# Filmstrip WSPP



## Tim Armes (Dec 3, 2010)

Hi all,

Filmstrip WSPP is the 2nd plugin in the WSPP series.

As with Impact WSPP, this plugin allows you to create an entire web site directly from within Lightroom. It allows you to create a hierarchical collection of galleries by using Lightroom's Publish Services to create the site.

The difference from Impact WSPP come in the presentation of the images.
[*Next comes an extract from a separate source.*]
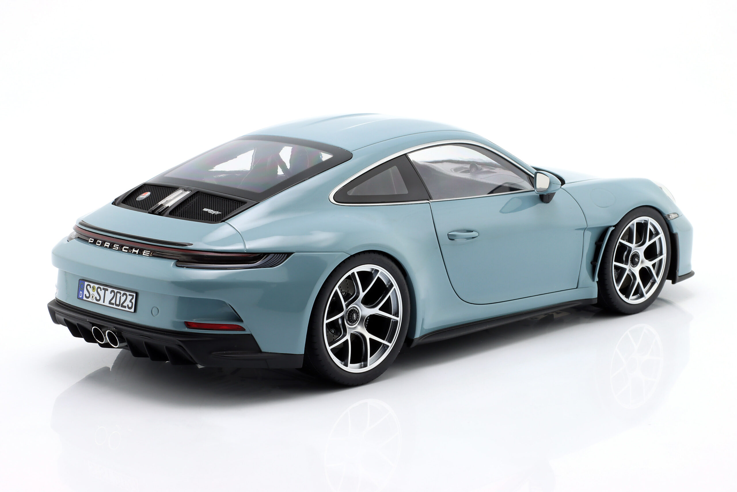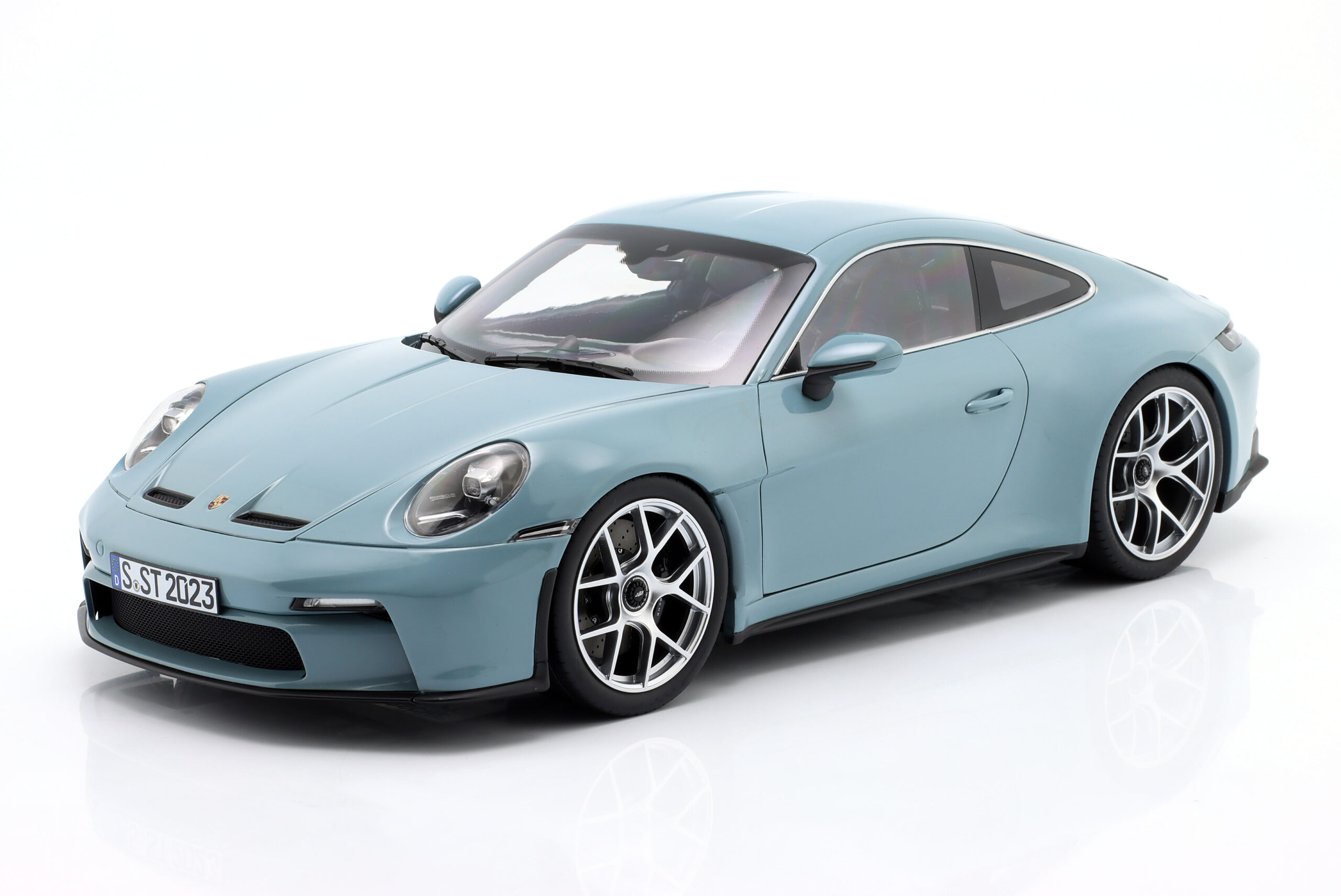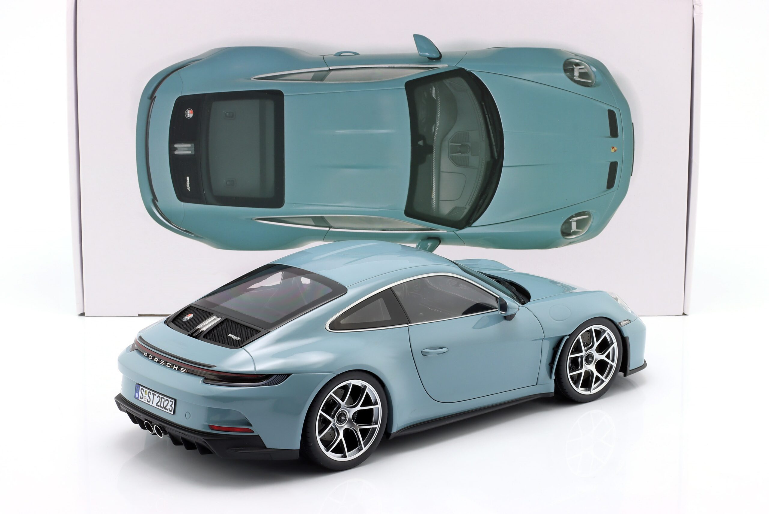 Kolekcjonerski model metalowy z elementami plastikowymi samochodu PORSCHE 911 (992) S/T z roku 2023 w kolorze Meissen blue.Model nie posiada otwieranych elementów.Edycja limitowana tylko 900 sztuk.

Filmstrip WSPP presents a scrolling "filmstrip" of images and provides nice features such as header and foot bars, customised images spacing and borders, image preloading, and more.

You can read more and see a couple of samples galleries here:

http://www.photographers-toolbox.com/products/filmstrip_wspp.php

Regards,

Tim


----------



## Brad Snyder (Dec 3, 2010)

Nice, Tim.


----------



## IanMears (Dec 15, 2010)

I've been playing with both of Tim's new plugins and they are very good. I eventually decided to settle on the Filmstrip option for my website 

During the process Tim was very helpful and fixed any little bugs spotted real quick whilst being inundated with questions from me! In my opinion these plugins are brilliant and make setting up a website a doddle so even non technical people can create a nice looking website. For £20 they are a bargain. Go buy one. Now!


----------



## Victoria Bampton (Dec 18, 2010)

Thanks for that recommendation Ian, and welcome to the forum!


----------